▶ _EXERCISE DATA_
Segment Open
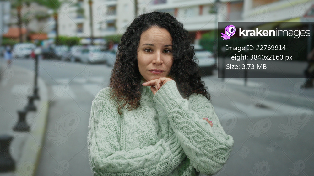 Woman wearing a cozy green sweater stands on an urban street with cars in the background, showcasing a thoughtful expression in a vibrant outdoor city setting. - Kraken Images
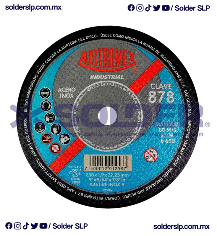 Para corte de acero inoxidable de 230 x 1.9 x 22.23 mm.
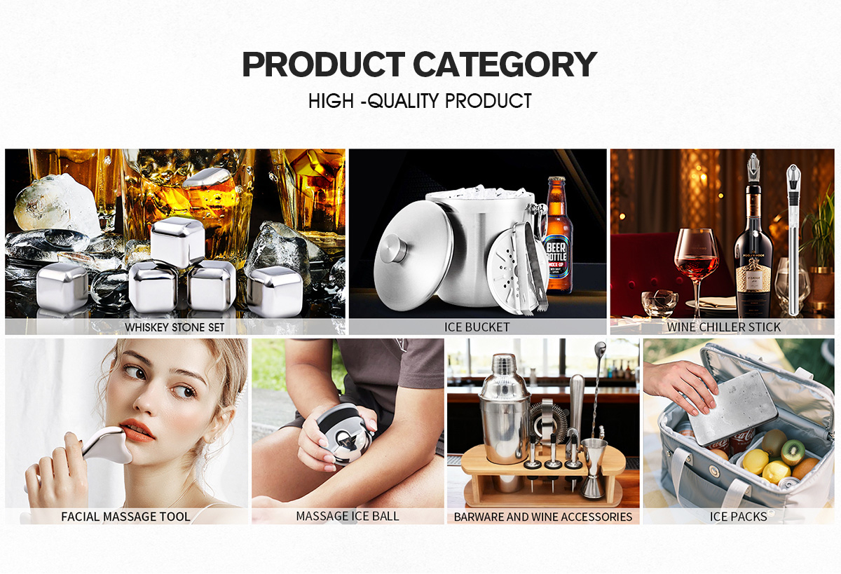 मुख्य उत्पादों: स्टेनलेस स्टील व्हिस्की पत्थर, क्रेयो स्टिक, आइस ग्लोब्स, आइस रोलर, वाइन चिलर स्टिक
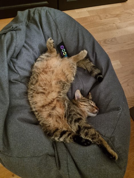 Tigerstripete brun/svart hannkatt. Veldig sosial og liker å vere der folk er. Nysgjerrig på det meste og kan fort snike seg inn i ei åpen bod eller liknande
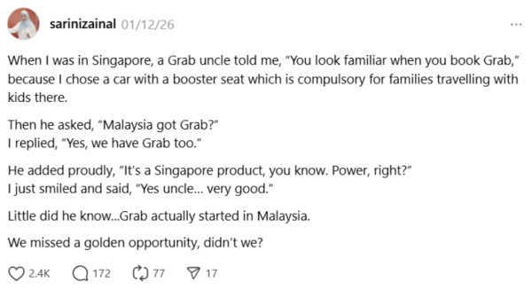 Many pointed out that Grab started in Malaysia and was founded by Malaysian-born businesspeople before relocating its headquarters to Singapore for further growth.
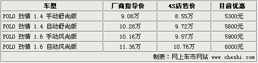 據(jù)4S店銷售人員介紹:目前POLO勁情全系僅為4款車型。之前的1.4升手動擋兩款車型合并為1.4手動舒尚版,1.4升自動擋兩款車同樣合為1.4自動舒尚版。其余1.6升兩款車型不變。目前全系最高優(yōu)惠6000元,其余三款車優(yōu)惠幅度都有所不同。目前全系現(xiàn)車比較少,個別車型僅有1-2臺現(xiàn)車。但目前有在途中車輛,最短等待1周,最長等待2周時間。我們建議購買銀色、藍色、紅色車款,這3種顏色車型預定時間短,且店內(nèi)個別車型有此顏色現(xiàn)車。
Segment Closed
Segment Open
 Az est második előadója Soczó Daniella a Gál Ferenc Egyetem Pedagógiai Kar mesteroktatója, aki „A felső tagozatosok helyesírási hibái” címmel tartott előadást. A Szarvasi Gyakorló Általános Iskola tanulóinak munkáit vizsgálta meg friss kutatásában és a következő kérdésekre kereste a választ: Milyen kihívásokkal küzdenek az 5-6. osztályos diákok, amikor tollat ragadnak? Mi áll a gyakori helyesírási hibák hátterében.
Segment Closed
▶ _HOW TO COMPLETE THIS TASK_
Pictures aside, return exactly the lines from the data above, starting at the line that has "Woman wearing a" and ending at the line that has "據(jù)4S店銷售人員介紹", both included.

▶ _RESULT_
 Woman wearing a cozy green sweater stands on an urban street with cars in the background, showcasing a thoughtful expression in a vibrant outdoor city setting. - Kraken Images
 Para corte de acero inoxidable de 230 x 1.9 x 22.23 mm.
 मुख्य उत्पादों: स्टेनलेस स्टील व्हिस्की पत्थर, क्रेयो स्टिक, आइस ग्लोब्स, आइस रोलर, वाइन चिलर स्टिक
 Tigerstripete brun/svart hannkatt. Veldig sosial og liker å vere der folk er. Nysgjerrig på det meste og kan fort snike seg inn i ei åpen bod eller liknande
 Many pointed out that Grab started in Malaysia and was founded by Malaysian-born businesspeople before relocating its headquarters to Singapore for further growth.
 據(jù)4S店銷售人員介紹:目前POLO勁情全系僅為4款車型。之前的1.4升手動擋兩款車型合并為1.4手動舒尚版,1.4升自動擋兩款車同樣合為1.4自動舒尚版。其余1.6升兩款車型不變。目前全系最高優(yōu)惠6000元,其余三款車優(yōu)惠幅度都有所不同。目前全系現(xiàn)車比較少,個別車型僅有1-2臺現(xiàn)車。但目前有在途中車輛,最短等待1周,最長等待2周時間。我們建議購買銀色、藍色、紅色車款,這3種顏色車型預定時間短,且店內(nèi)個別車型有此顏色現(xiàn)車。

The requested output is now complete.